▶ _Information given_:
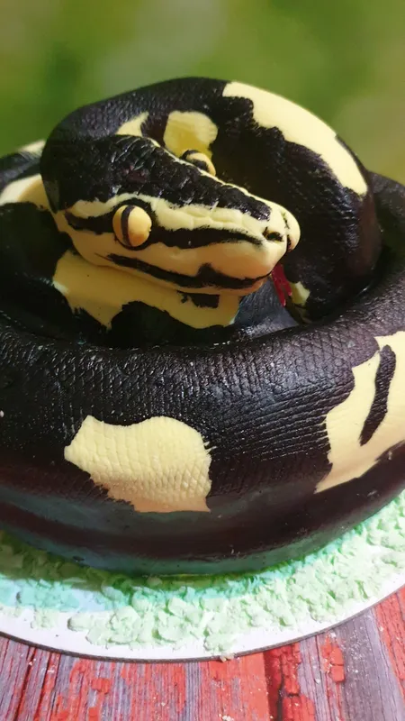 Egy lelkes hobbicukrász, Pozsonyiné Zsuzsi alkotása ez a torta, mely igazán élethű lett, sőt, megszólalásig olyan, mint egy sárga-fekete mintás piton. A kígyótorta belülről sem átlagos: mascarponés, dió ízesítésű krém került bele. Az alkotó kisfia kapta ajándékba és úgy tudjuk, maximálisan elégedett volt vele.
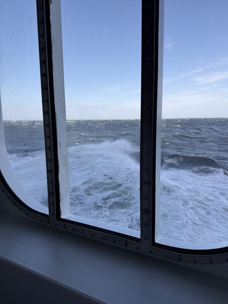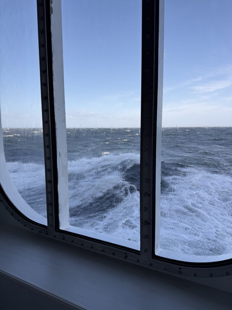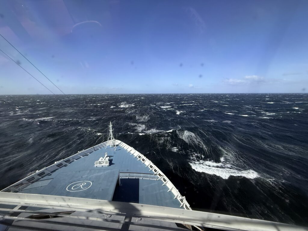 We met up with Catherine and Scott around noon for a light bite and spent some time watching the waves. The seas continued to build, but the ship’s stabilizers handled it beautifully, and honestly, we kind of enjoyed the added excitement. It’s hard not to think about Ferdinand Magellan navigating these waters in a wooden ship—now that must have been something. Thankfully, it stayed sunny most of the day, which helped a lot.
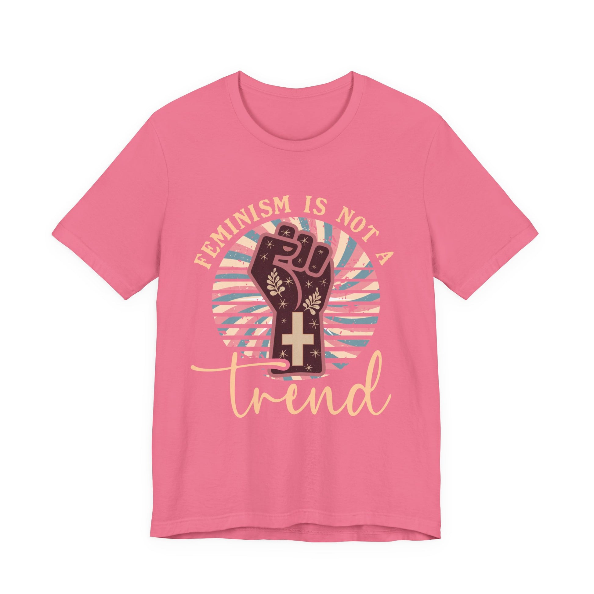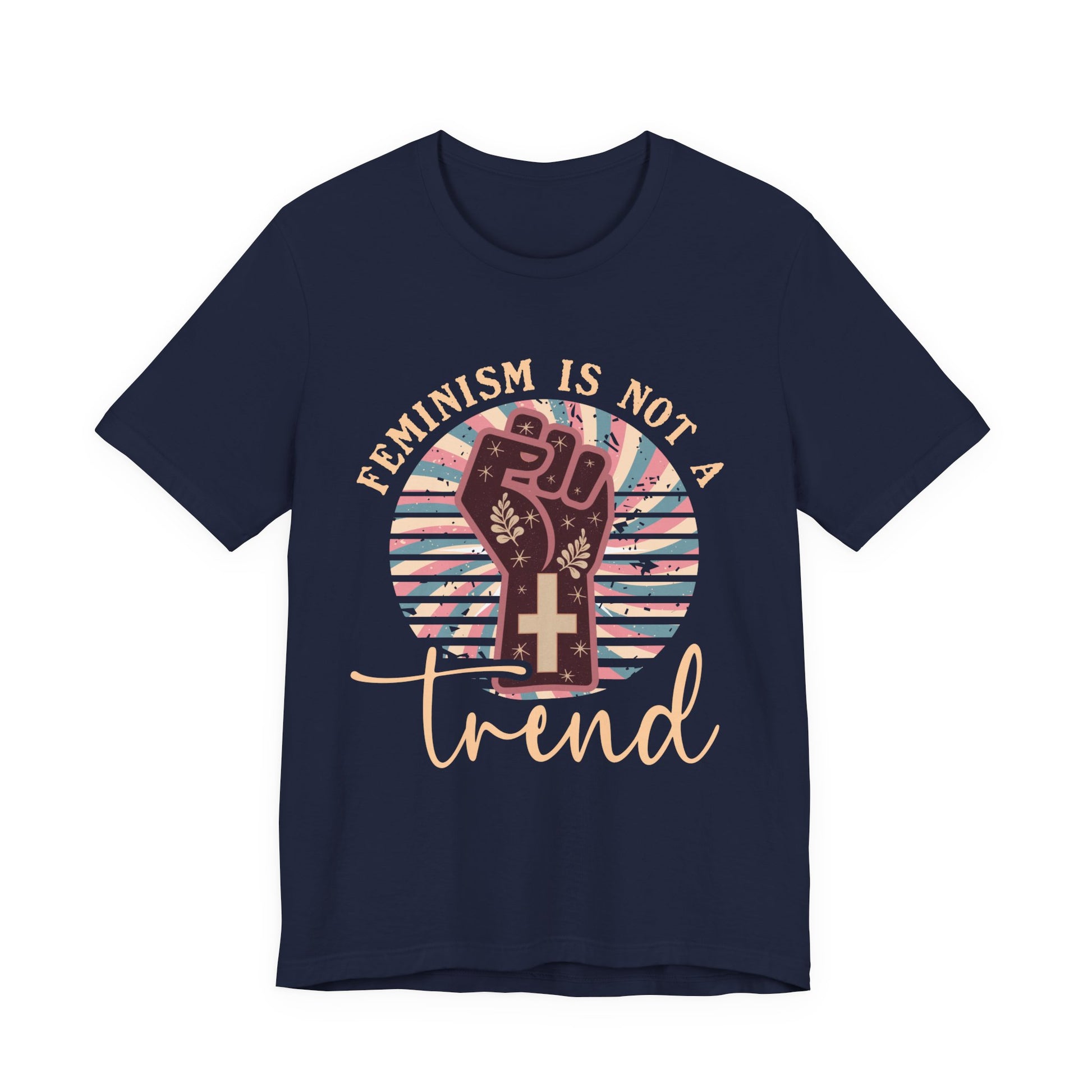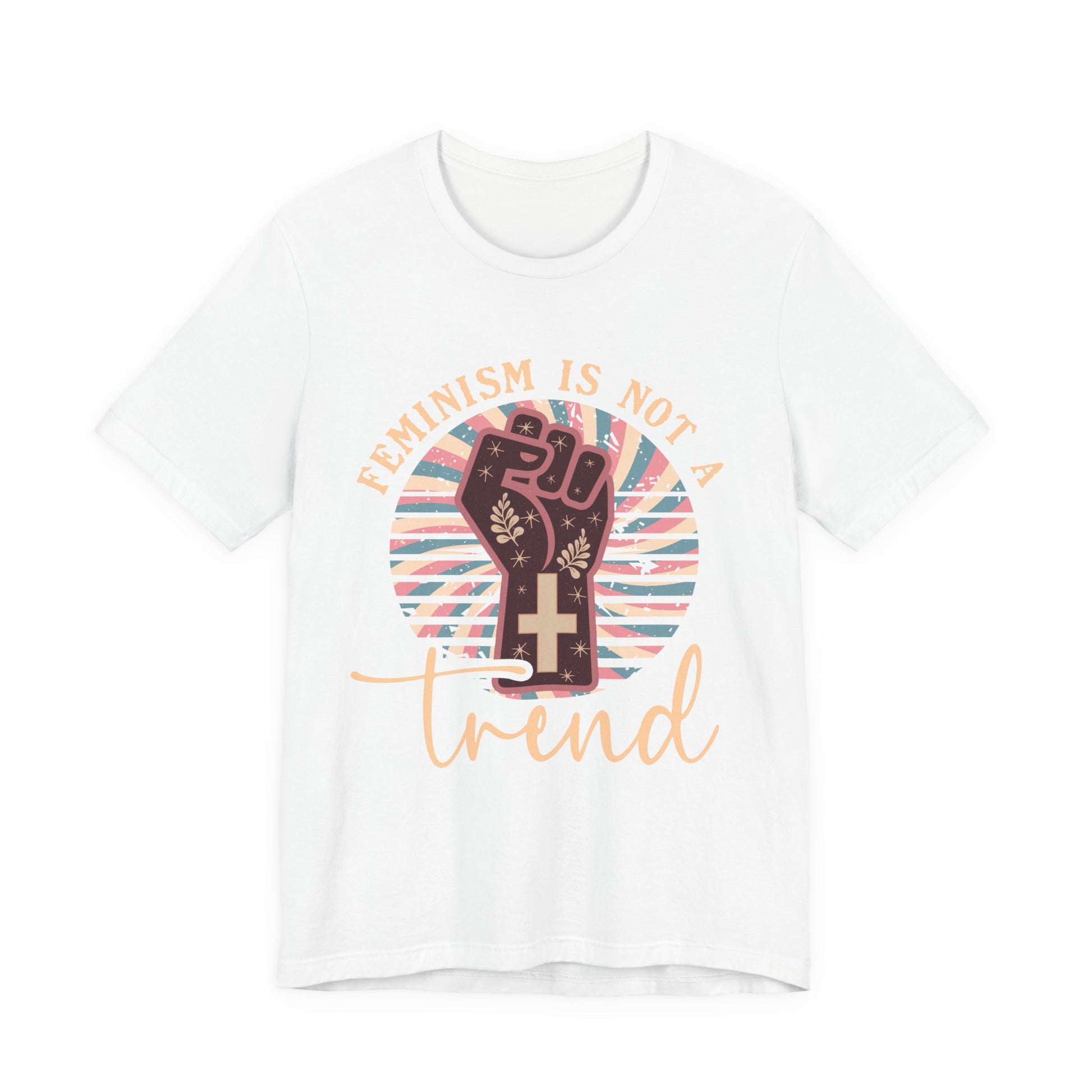 Make a powerful statement with this bold "Feminism Is Not a Trend" t-shirt, featuring a striking graphic of a raised power fist at its center—a timeless symbol of strength, unity, and resistance. This design emphasizes that feminism is a vital movement for equality and justice, not just a passing fad. Crafted from soft, high-quality fabric, this tee is perfect for activists, allies, and anyone proud to stand up for gender equality. Wear it to inspire conversation, show your commitment, and celebrate the ongoing fight for women's rights.
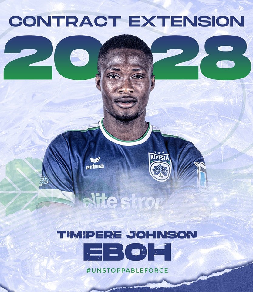 «Η ΠΑΕ Κηφισιά ανακοινώνει την απόκτηση του Τζόνσον Τιμίπερε Έμπο με μεταγραφή από την ΠΑΕ ASTERAS AKTOR και την επέκταση του συμβολαίου του έως το καλοκαίρι του 2028».
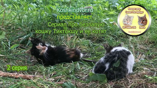 Котята трёхлапой кошки и новая игрушка котёнка Раськи

▶ _Problem to work on_: Leave the pictures out. Output exactly, and only, the lines from the one with "Make a powerful" through the last line of the listing above, both included.

▶ _Solution to this task_:
 Make a powerful statement with this bold "Feminism Is Not a Trend" t-shirt, featuring a striking graphic of a raised power fist at its center—a timeless symbol of strength, unity, and resistance. This design emphasizes that feminism is a vital movement for equality and justice, not just a passing fad. Crafted from soft, high-quality fabric, this tee is perfect for activists, allies, and anyone proud to stand up for gender equality. Wear it to inspire conversation, show your commitment, and celebrate the ongoing fight for women's rights.
 «Η ΠΑΕ Κηφισιά ανακοινώνει την απόκτηση του Τζόνσον Τιμίπερε Έμπο με μεταγραφή από την ΠΑΕ ASTERAS AKTOR και την επέκταση του συμβολαίου του έως το καλοκαίρι του 2028».
 Котята трёхлапой кошки и новая игрушка котёнка Раськи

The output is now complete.